━━ RECORDED INFORMATION

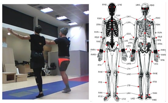 The heart of the acquisition module adopted for modelling the dancers’ motion trajectories in 3D space is based on the VICON Motion Capturing System. In our implementation, ten Bonita B3 cameras are used, running the Nexus 1.8.5.61009 h software. The movement area is 6.75 m. The origin of the VICON coordinate system is the centre of the square surface. A wand with markers is used to calibrate the ten cameras. User body is measured by attaching passive markers on it at fixed positions for each dancer. After sticking all the markers, the height, weight and other specific anthropometric characteristics of the users are measured (see Figure 6). The data sets contain three recordings from Greek folklore dances, performed simultaneously by two professionals. We chose male and female expert-dancers since for those particular dances, the choreographic performance between men and women is slightly different. Specifically, men dance proud and imperious, while women modest and humble. On the contrary, dance style differences among professionals of the same gender are slight and mainly due to the personality of the dancer and how she/he executes the predefined choreographic performance.
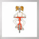 This cute dog is on a push bike, and he is cycling. The bicycle is red. This printed image was originally a hand drawn and painted illustration.
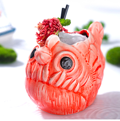 Taza de cristal sin plomo de Hawaii Tiki de pez rojo, copa de cristal de 710ml de capacidad

━━━━

**EXERCISE INSTRUCTIONS:**
Starting with the line that contains "This cute dog", copy every line word for word through the end of the listing above, but leave out the pictures.

**SOLUTION TO THE EXERCISE:**
 This cute dog is on a push bike, and he is cycling. The bicycle is red. This printed image was originally a hand drawn and painted illustration.
 Taza de cristal sin plomo de Hawaii Tiki de pez rojo, copa de cristal de 710ml de capacidad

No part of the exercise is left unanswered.